I've got a hadoopFiles object which is generated from sc.newAPIHadoopFile
.
scala> hadoopFiles
res1: org.apache.spark.rdd.RDD[(org.apache.hadoop.io.LongWritable, org.apache.hadoop.io.Text)] = UnionRDD[64] at union at <console>:24
I intend to iterate through all the lines in hadoopFiles with operation and filter on it, In which, a if
check is applied and will throw an exception:
scala> val rowRDD = hadoopFiles.map(line =>
| line._2.toString.split("\\^") map {
| field => {
| var pair = field.split("=", 2)
| if(pair.length == 2)
| (pair(0) -> pair(1))
| }
| } toMap
| ).map(kvs => Row(kvs("uuid"), kvs("ip"), kvs("plt").trim))

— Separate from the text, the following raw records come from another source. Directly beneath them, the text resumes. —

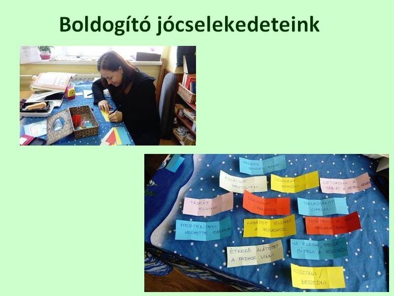 Színes lapokra felírtam a gyerekek által összegyűjtött jócselekedeteket, dobozba tettük, hogy minden nap kihúzzunk belőle egy-egy segítő cselekvést.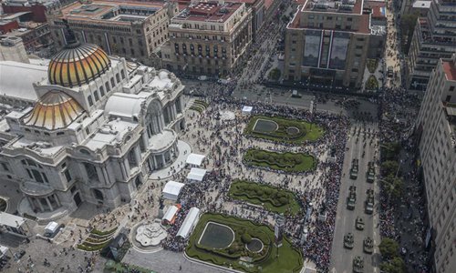 Photo taken on Sept. 16, 2018 shows a military parade to commemorate Mexico's Independence Day in Mexico City, capital of Mexico, on Sept. 16, 2018. (Xinhua/Cesar Vicuna)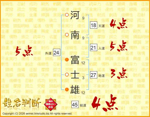 河南富士雄さんの天運は18画の4点!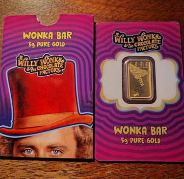 We recently picked up the Willy Wonka 5g bar of gold you see below. Luckily the owner had won it in a competition but if he had purchased it from new it was originally sold at a price approximately 150% over the value of the gold. Even luckier still for its owner, gold has done really well this year so he was in the pound seats but the hard truth of the matter that, when faced with this type of item, precious metal dealers pay no attention the marketing hype but rather value it as nothing more than what it is – in this case 5 grams of gold. We ignore glitz and the glamour and the “they are for sale on eBay for £xyz” commentary and simply pay for the metal.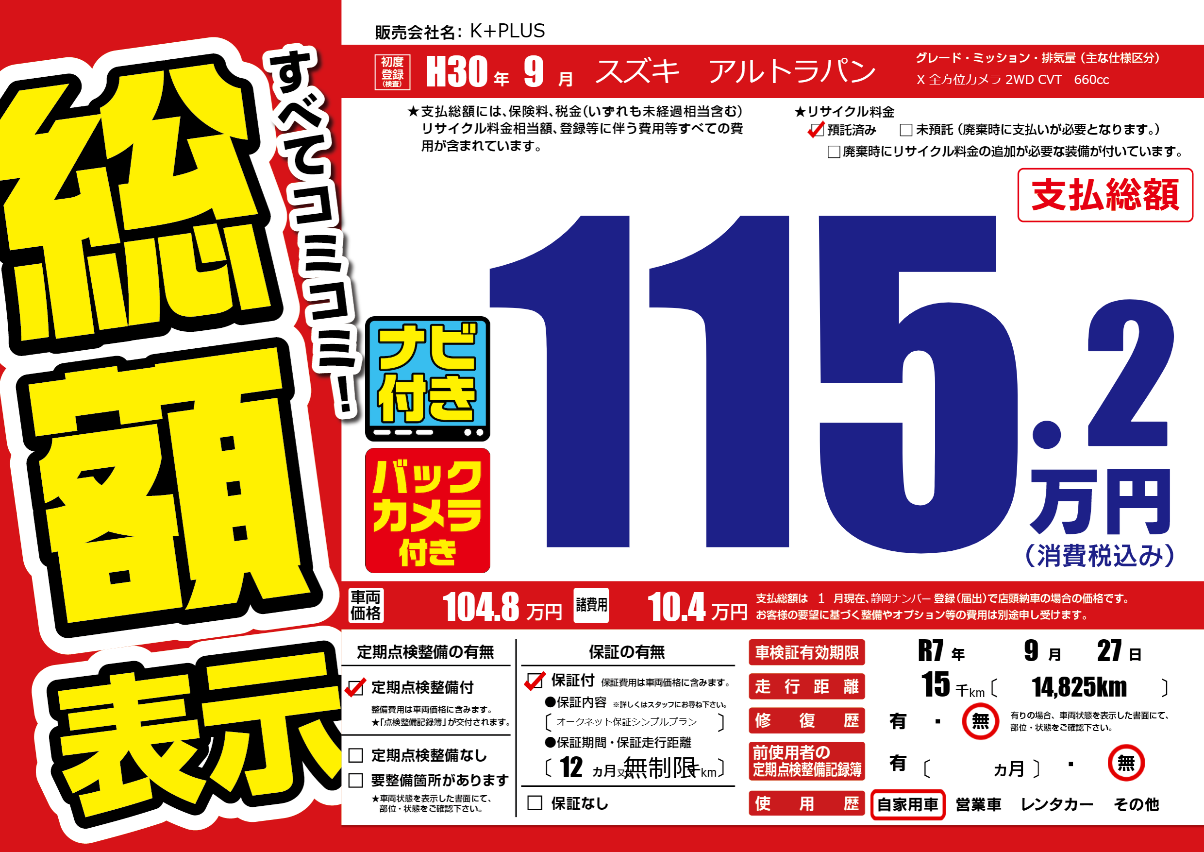 | 走行キロ | 1.5万km | 初年度登録 | H30年9月 |

<console>:33: error: Cannot prove that Any <:< (T, U).
} toMap
^
However, if I remove the if(pair.length == 2)
part, it will works fine:
scala> val rowRDD = hadoopFiles.map(line =>
| line._2.toString.split("\\^") map {
| field => {
| var pair = field.split("=", 2)
| (pair(0) -> pair(1))
| }
| } toMap
| ).map(kvs => Row(kvs("uuid"), kvs("ip"), kvs("plt").trim))
warning: there was one feature warning; re-run with -feature for details
rowRDD: org.apache.spark.rdd.RDD[org.apache.spark.sql.catalyst.expressions.Row] = MappedRDD[66] at map at <console>:33
Could anyone tell me the reason for this phenomenon, and show me the correct way to apply the if
statement. Thanks a lot!
P.S. We could use this simplified example to test:
"1=a^2=b^3".split("\\^") map {
field => {
var pair = field.split("=", 2)
if(pair.length == 2)
pair(0) -> pair(1)
else
return
}
} toMap